Sutton would pitch in four World Series, three with the Dodgers and one with the Brewers, but always wound up on the losing end. He would move on from the Dodgers and spend the second half of his career playing with the Houston Astros, Milwaukee Brewers, and California Angels throughout the 1980s before returning to the Dodgers for his swan song season in 1988. Sutton would be released in August of 1988 earned his first and only World Series ring as a member of that championship team. Today, Sutton ranks 14th all-time in career victories, seventh in career strikeouts and innings pitched, and third in games started. Ironically, only Cy Young himself started more games than Sutton and Nolan Ryan, the two players to never win the award named in his honor.
After his playing career, Don Sutton became most recognizable by the next generation of baseball fans as a broadcaster for the Atlanta Braves covering games on TBS. He was a member of the Braves’ broadcast team for most of the next 30 seasons with a brief stint with the Washington Nationals team for two seasons.
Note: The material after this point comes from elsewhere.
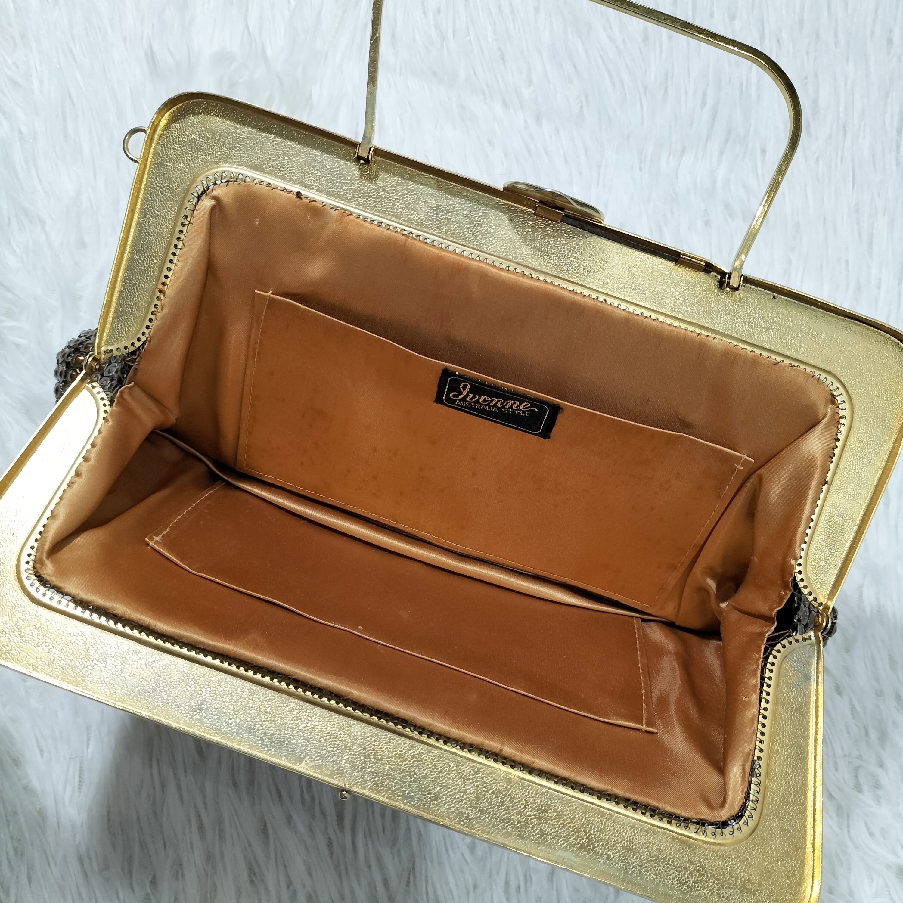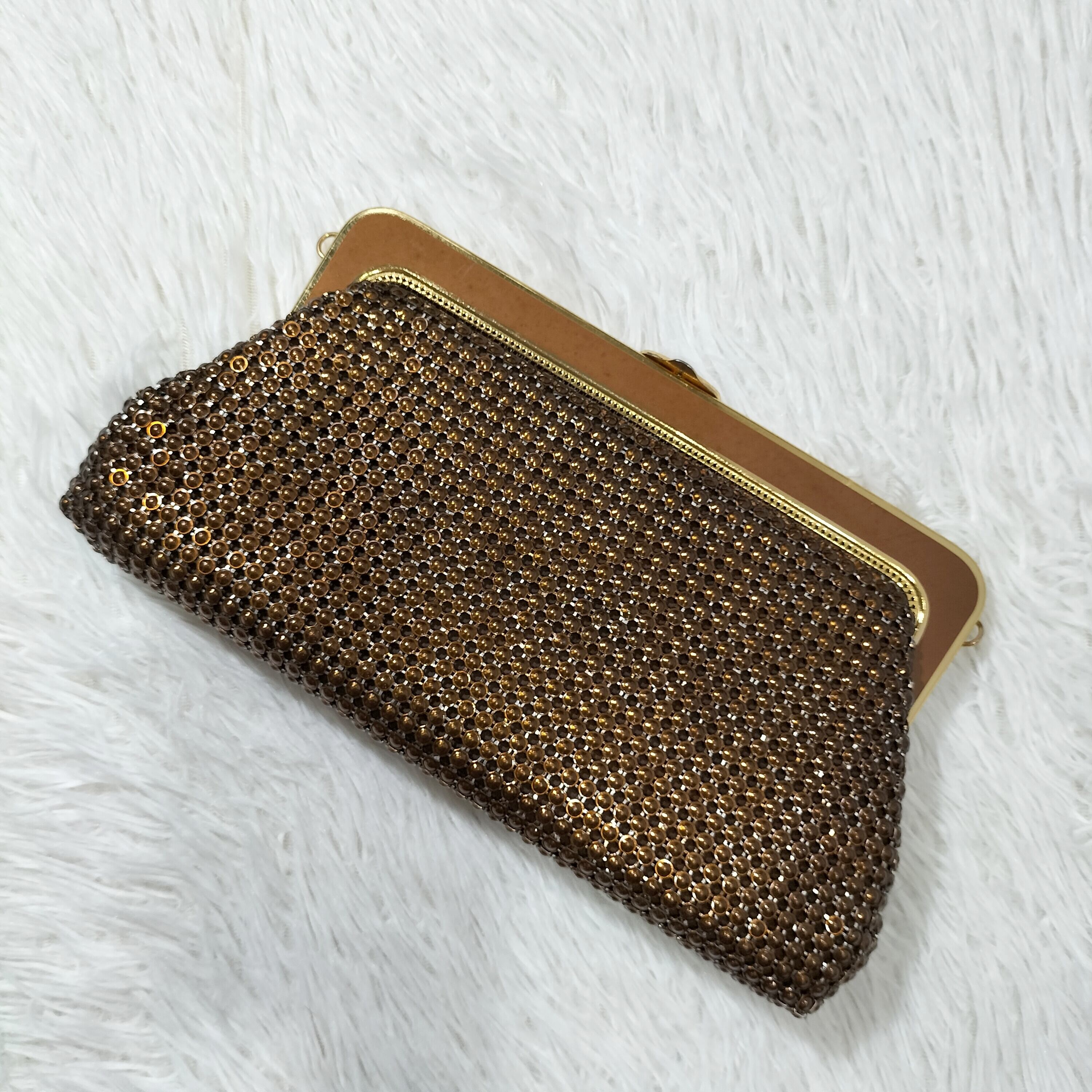 上品なデザインが特徴のビンテージアイテムです。セレモニーやお呼ばれ、二次会などの特別な場にぴったりのレディースバッグです。

Sutton was a regular attendee at the annual Baseball Hall of Fame inductions every summer in Cooperstown, N.Y., and sadly joins fellow members Tom Seaver, Whitey Ford, Bob Gibson, Phil Niekro, Lou Brock, Al Kaline, and Tommy Lasorda as those who have died since the beginning of 2020.
Baseball has lost more than another Hall of Fame player. The game has lost a great personality and representative of kindness and all that is great about our National Pastime. Sutton’s impact will live on for many fans of the game for generations to come.